What is required
Please set down only the lines below starting with the line with "10月27日,鑒于陜西省內(nèi)水泥" and going on through the line with "At press time", verbatim and without pictures.

Dataset excerpts
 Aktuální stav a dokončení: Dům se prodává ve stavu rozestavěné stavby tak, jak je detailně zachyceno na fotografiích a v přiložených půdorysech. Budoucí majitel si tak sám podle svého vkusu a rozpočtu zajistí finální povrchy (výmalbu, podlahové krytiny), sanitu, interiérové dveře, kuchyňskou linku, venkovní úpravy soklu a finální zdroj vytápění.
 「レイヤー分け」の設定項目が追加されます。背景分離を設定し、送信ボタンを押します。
---
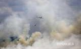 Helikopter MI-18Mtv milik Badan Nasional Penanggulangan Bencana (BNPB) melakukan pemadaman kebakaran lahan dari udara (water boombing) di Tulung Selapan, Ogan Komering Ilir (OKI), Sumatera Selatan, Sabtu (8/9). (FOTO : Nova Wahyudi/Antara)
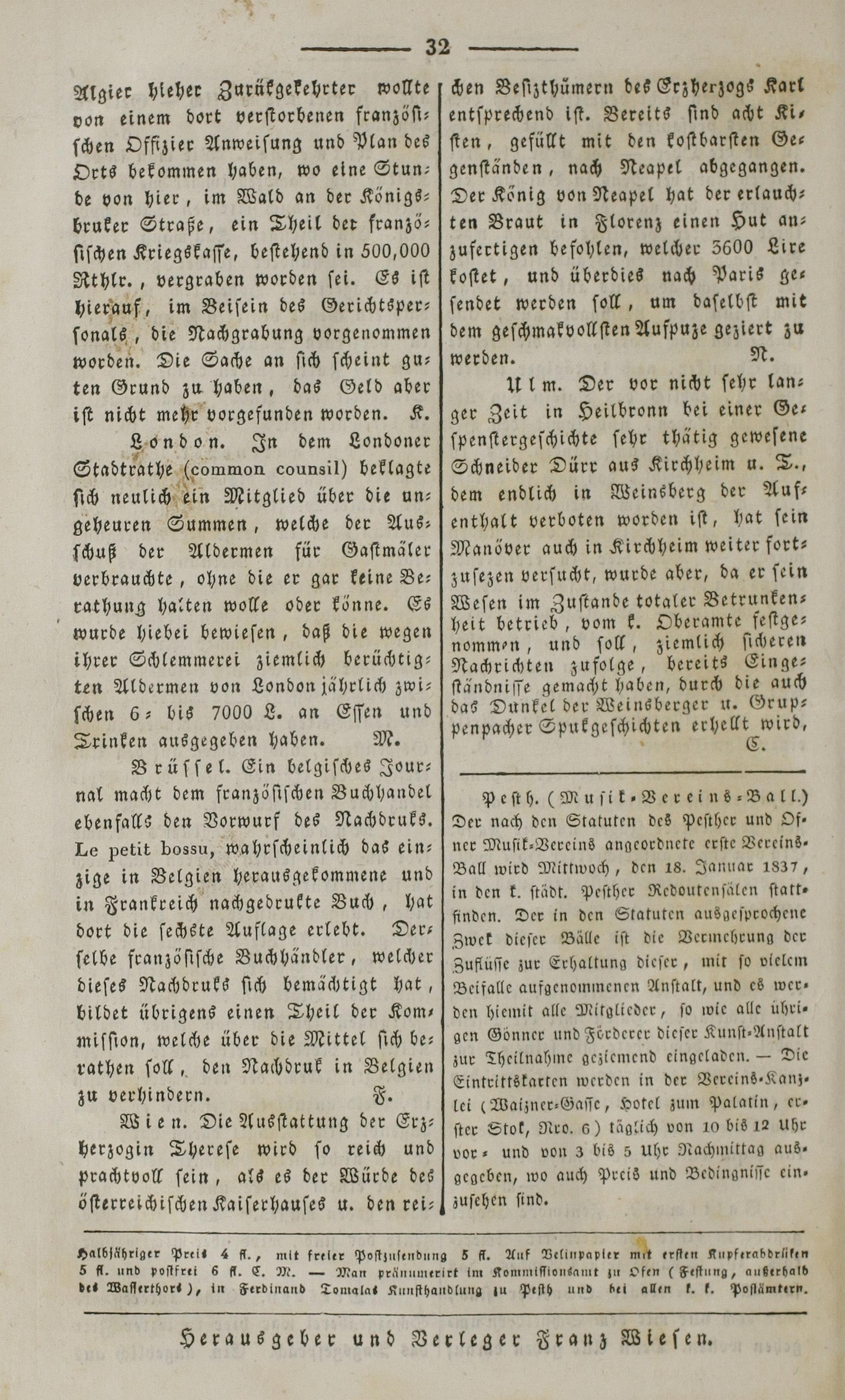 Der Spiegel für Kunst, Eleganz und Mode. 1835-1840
...
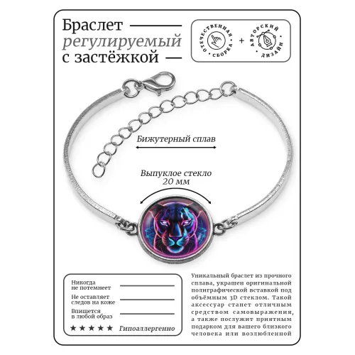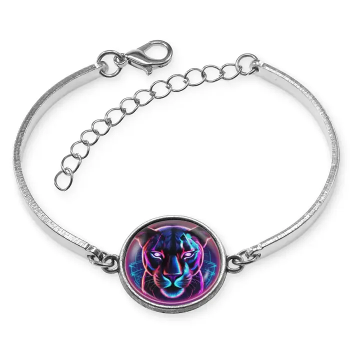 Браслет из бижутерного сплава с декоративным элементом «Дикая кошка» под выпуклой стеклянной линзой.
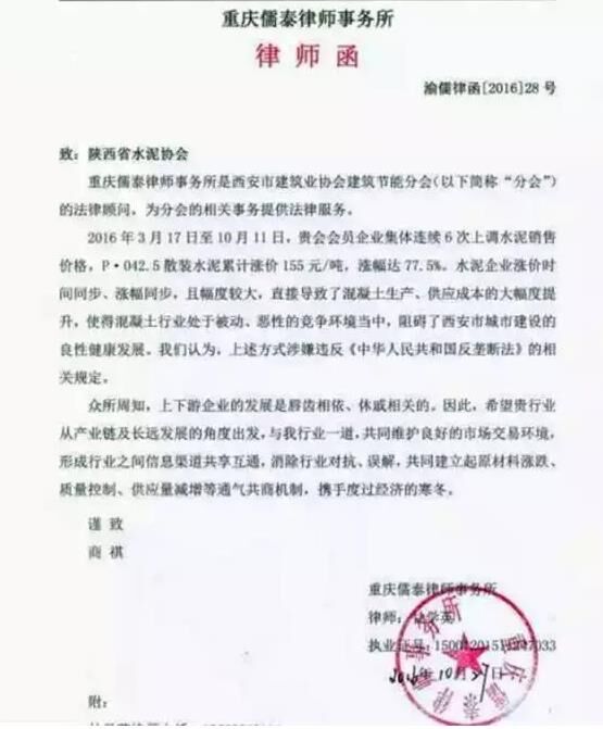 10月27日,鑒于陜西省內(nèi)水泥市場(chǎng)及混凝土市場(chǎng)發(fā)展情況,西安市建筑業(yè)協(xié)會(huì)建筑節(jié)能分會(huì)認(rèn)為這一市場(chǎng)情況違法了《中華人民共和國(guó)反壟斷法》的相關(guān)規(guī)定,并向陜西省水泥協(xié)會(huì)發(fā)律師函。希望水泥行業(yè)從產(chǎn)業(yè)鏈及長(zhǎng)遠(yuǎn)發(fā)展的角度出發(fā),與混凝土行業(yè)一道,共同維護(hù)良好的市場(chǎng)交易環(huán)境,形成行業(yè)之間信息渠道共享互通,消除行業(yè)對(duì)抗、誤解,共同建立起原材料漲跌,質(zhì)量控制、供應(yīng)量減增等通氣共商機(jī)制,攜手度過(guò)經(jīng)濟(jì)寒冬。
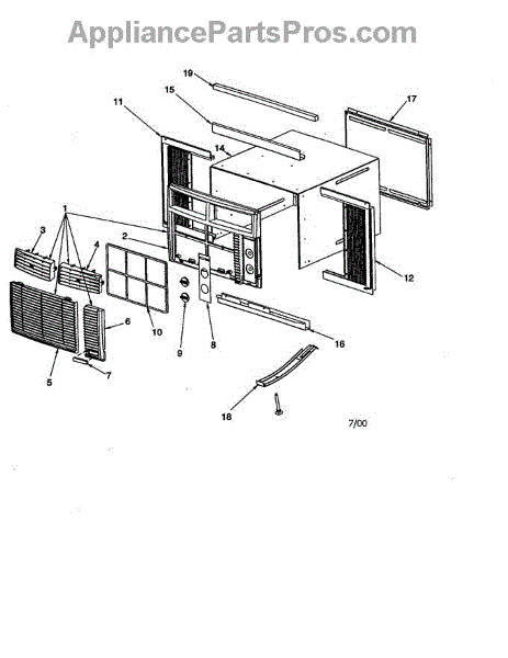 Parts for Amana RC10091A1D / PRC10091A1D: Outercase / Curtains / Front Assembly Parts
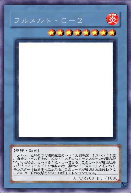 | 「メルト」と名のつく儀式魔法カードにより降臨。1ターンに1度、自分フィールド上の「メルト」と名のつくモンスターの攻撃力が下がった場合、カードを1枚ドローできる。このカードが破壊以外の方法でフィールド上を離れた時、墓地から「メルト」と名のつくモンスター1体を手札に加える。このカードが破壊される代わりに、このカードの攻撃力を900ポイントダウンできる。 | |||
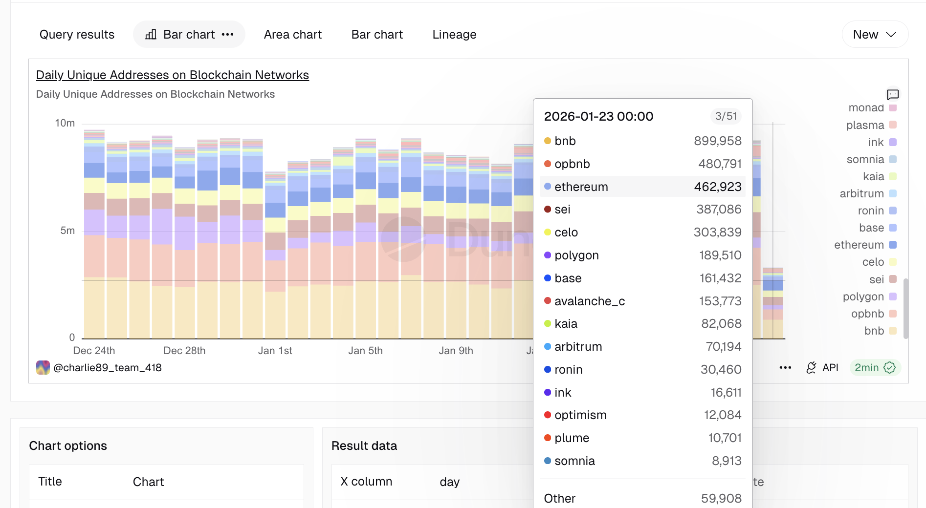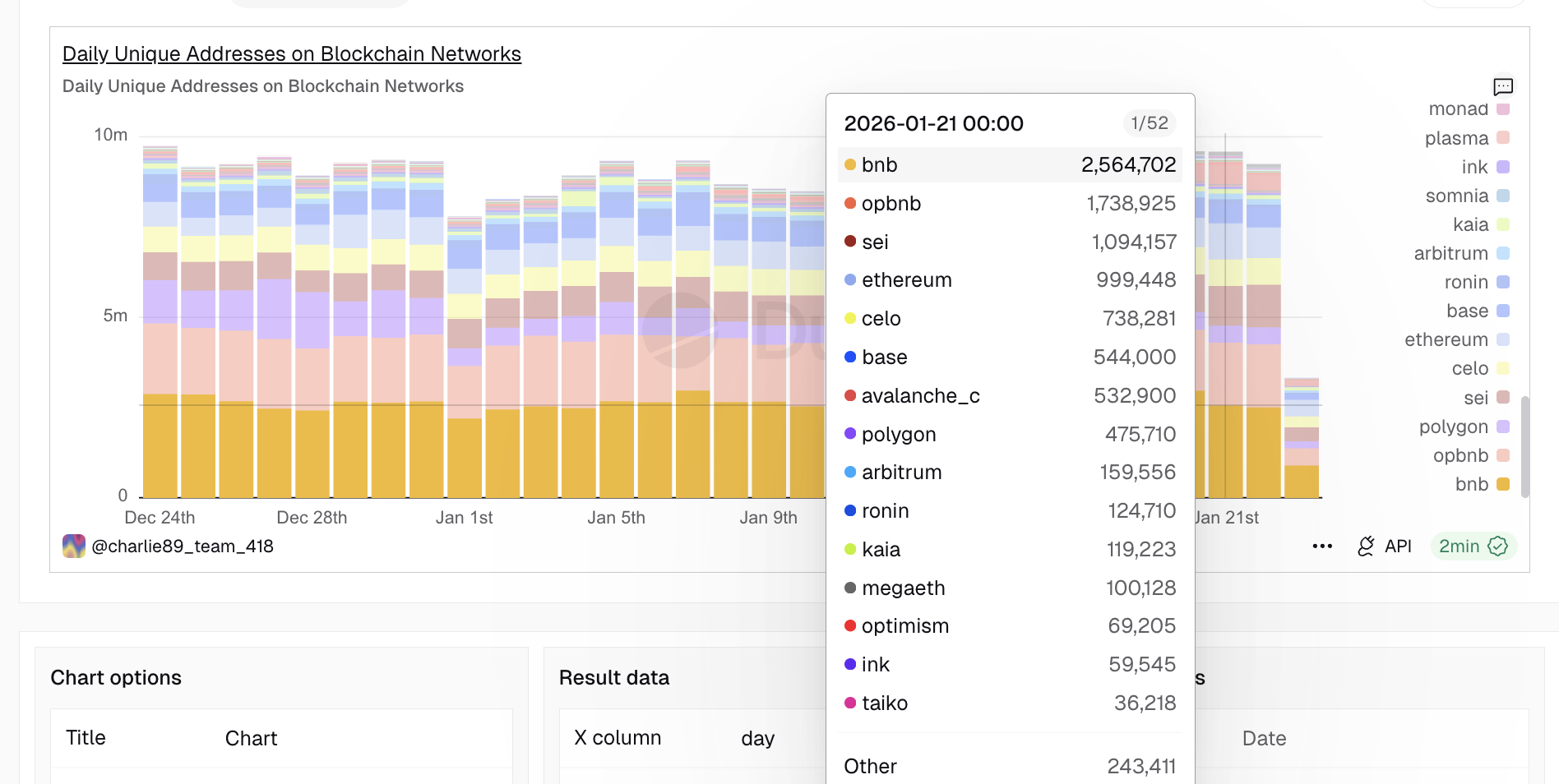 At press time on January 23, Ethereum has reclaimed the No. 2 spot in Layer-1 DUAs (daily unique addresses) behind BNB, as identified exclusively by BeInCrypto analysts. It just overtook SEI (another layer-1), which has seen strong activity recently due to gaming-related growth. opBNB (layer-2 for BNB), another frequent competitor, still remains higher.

Written response
 10月27日,鑒于陜西省內(nèi)水泥市場(chǎng)及混凝土市場(chǎng)發(fā)展情況,西安市建筑業(yè)協(xié)會(huì)建筑節(jié)能分會(huì)認(rèn)為這一市場(chǎng)情況違法了《中華人民共和國(guó)反壟斷法》的相關(guān)規(guī)定,并向陜西省水泥協(xié)會(huì)發(fā)律師函。希望水泥行業(yè)從產(chǎn)業(yè)鏈及長(zhǎng)遠(yuǎn)發(fā)展的角度出發(fā),與混凝土行業(yè)一道,共同維護(hù)良好的市場(chǎng)交易環(huán)境,形成行業(yè)之間信息渠道共享互通,消除行業(yè)對(duì)抗、誤解,共同建立起原材料漲跌,質(zhì)量控制、供應(yīng)量減增等通氣共商機(jī)制,攜手度過(guò)經(jīng)濟(jì)寒冬。
 Parts for Amana RC10091A1D / PRC10091A1D: Outercase / Curtains / Front Assembly Parts
 | 「メルト」と名のつく儀式魔法カードにより降臨。1ターンに1度、自分フィールド上の「メルト」と名のつくモンスターの攻撃力が下がった場合、カードを1枚ドローできる。このカードが破壊以外の方法でフィールド上を離れた時、墓地から「メルト」と名のつくモンスター1体を手札に加える。このカードが破壊される代わりに、このカードの攻撃力を900ポイントダウンできる。 | |||
 At press time on January 23, Ethereum has reclaimed the No. 2 spot in Layer-1 DUAs (daily unique addresses) behind BNB, as identified exclusively by BeInCrypto analysts. It just overtook SEI (another layer-1), which has seen strong activity recently due to gaming-related growth. opBNB (layer-2 for BNB), another frequent competitor, still remains higher.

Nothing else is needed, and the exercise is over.